THE plaintiffs in the landmark class action claim against the Commonwealth Government over the infamous 2011 Indonesian live cattle export ban are quietly confident their legal arguments are making ground.
The Northern Territory’s Brett Cattle Company are lead litigants in the legal action that is seeking to prove misfeasance in former Labor Agriculture Minister Joe Ludwig’s decision to suspend the live cattle trade to Indonesia for up to six months in mid-2011.
The minister’s decision came in response to unprecedented public backlash ignited by dramatic television footage of animal cruelty filmed by animal activists in Indonesia abattoirs.
If successful, this will be the first time a case of misfeasance has been proven against an Australian Government minister.
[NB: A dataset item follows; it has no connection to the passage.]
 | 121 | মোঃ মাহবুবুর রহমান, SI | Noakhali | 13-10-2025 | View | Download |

The plaintiffs are seeking $600 million in compensation.
The Federal Court is this week hearing evidence of detriment in the second phase of the case, following the liability hearing in June.
This phase of the case is set down for three weeks.
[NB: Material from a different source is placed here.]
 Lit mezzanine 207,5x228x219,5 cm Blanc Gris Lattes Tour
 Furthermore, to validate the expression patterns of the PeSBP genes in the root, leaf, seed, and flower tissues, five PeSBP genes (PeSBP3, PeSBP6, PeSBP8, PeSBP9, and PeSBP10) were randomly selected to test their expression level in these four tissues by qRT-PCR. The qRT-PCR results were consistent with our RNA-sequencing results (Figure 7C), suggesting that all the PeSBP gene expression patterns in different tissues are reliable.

Justice Steven Rares will then consider the evidence, with a judgment not expected until next year.
Facilitator of the class action, former Northern Territory Cattlemen’s Association boss Tracey Hayes said the plaintiffs, made up of around 300 producers and representatives of other sectors of the live cattle trade supply chain, were satisfied the case was progressing well.
The week started with potent testimony from producer Emily Brett, who walked the court through the process of beef production in northern Australia and the importance of the Indonesian live export market on not just the pastoral industry but the many other businesses reliant on it.
Ms Hayes said the Brett’s property, Waterloo, had several thousand animals mustered in yards, with a contract for sale in place, when the suspension decision was made.
“It was within 48 hours of the cattle going to market. The ban happened at critical time and that is a key factor,” Ms Hayes said.
“It was mid-way through the dry season when people were getting cattle off and preparing for the next wet season.
“People were caught with full herds and diminishing pastures.
The pressure put on businesses and systems was intense.
Cattle weren’t at slaughter weights and so feedlot placements and agistment options in Queensland had to be found. Cattle then had to be trucked over 3500 kilometres.
“Tens of thousands of tonnes in lick and fodder had to be purchased,” Ms Hayes said.
“It was like a severe drought hit overnight and that played out right across the north.”
It was four months before cattle were able to be sold in eastern and southern regions and the flood on those markets impacted the industry across the nation.
Ms Hayes said these factors had been spelt out in court this week.
Legal action was not the first preference of the plaintiffs, she said.
“We tried as much as possible to encourage a negotiated outcome,” Ms Hayes said.
“As part of that process we undertook a neutral evaluation by a retired federal court judge who concluded the case had meaningful prospects of success.
“Normally that is enough to see an outcome negotiated out of court.”
The group launched their court action in 2014.
Other witnesses to appear over the next week include people involved in the live export business in Indonesia and consultants who conducted economic analysis on losses.
Ms Hayes said seven years down the track the hurt was still intense and many of the plaintiffs were seeking closure.